(Dataset entries)

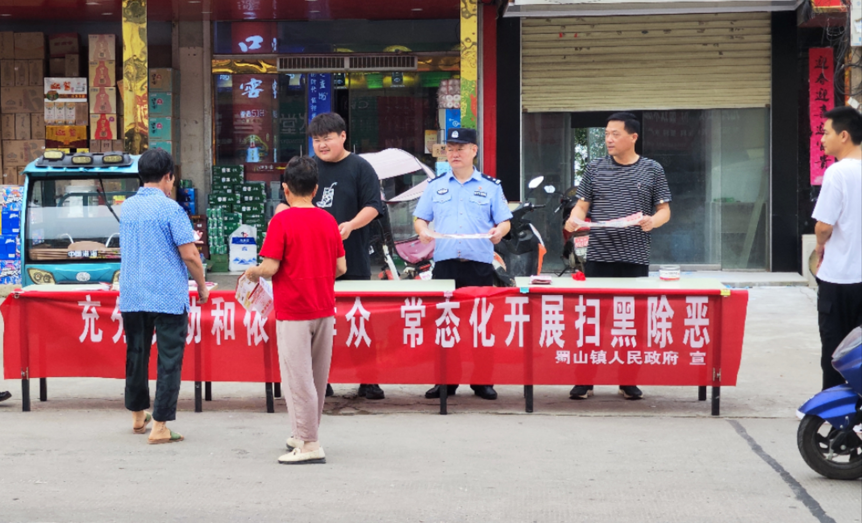 為進(jìn)一步推進(jìn)常態(tài)化掃黑除惡斗爭(zhēng),增強(qiáng)人民群眾防范黑惡犯罪的意識(shí)和能力。2023年7月14日上午蜀山鎮(zhèn)綜治辦聯(lián)合轄區(qū)派出所等部門聯(lián)合開(kāi)展了“充分發(fā)動(dòng)和依靠群眾,常態(tài)化開(kāi)展掃黑除惡”為主題的宣傳活動(dòng)。
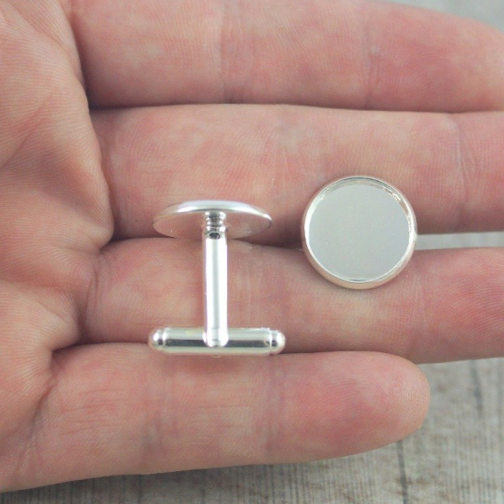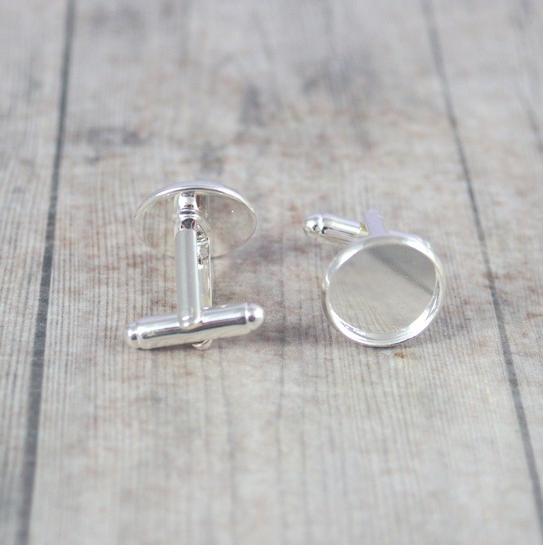 Oprawy do spinek do mankietów na kaboszon 14 mm w kolorze srebrnym o długości 19 mm cena za parę
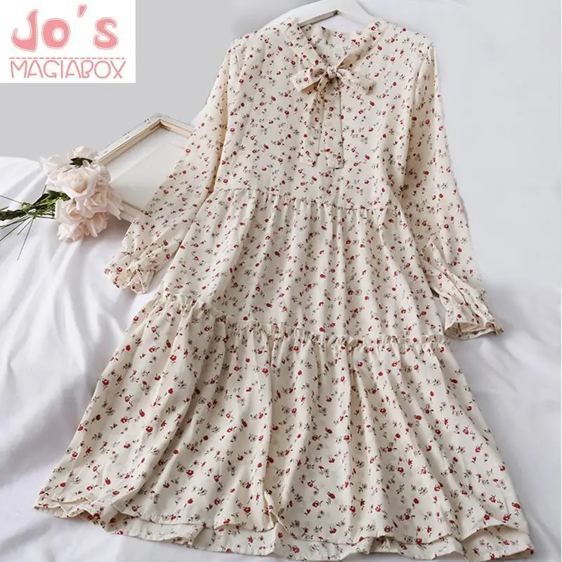Женское корейское платье трапециевидной формы с принтом, женские вечерние платья с длинным рукавом, v-образным вырезом и бантом, милое плать...
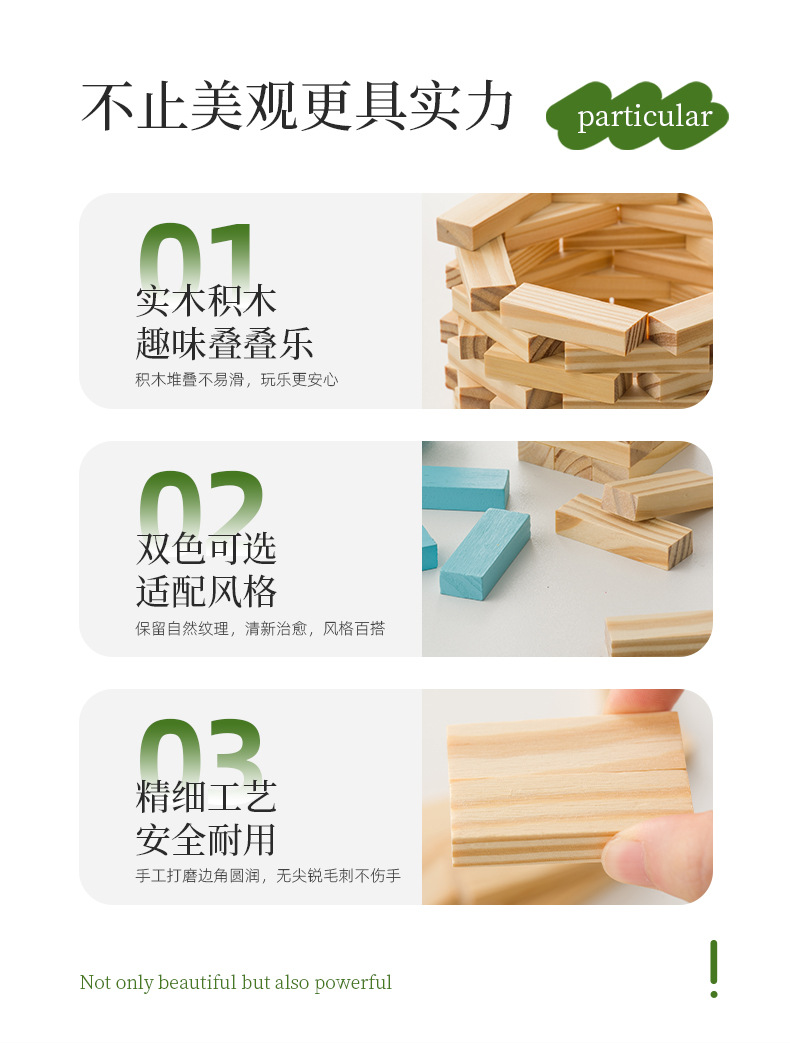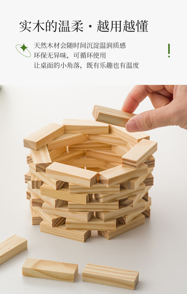 木制玩具积木儿童成人家用方块亲子互动益智木质叠叠高多米骨牌
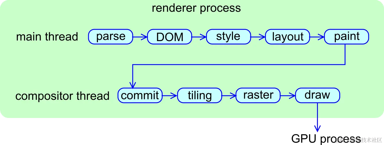 合成的好处是它是在不涉及主线程的情况下完成的。合成线程不需要等待样式计算或 JavaScript 执行。这就是为什么仅合成动画被认为是获得流畅性能的最佳选择。如果需要重新计算布局或绘制,则必须涉及主线程。

* Exercise requirements *
Leaving the pictures out, copy exactly the lines from the line that contains "Женское корейское платье" to the last line of the data, both ends included.

* Task answer *
Женское корейское платье трапециевидной формы с принтом, женские вечерние платья с длинным рукавом, v-образным вырезом и бантом, милое плать...
 木制玩具积木儿童成人家用方块亲子互动益智木质叠叠高多米骨牌
 合成的好处是它是在不涉及主线程的情况下完成的。合成线程不需要等待样式计算或 JavaScript 执行。这就是为什么仅合成动画被认为是获得流畅性能的最佳选择。如果需要重新计算布局或绘制,则必须涉及主线程。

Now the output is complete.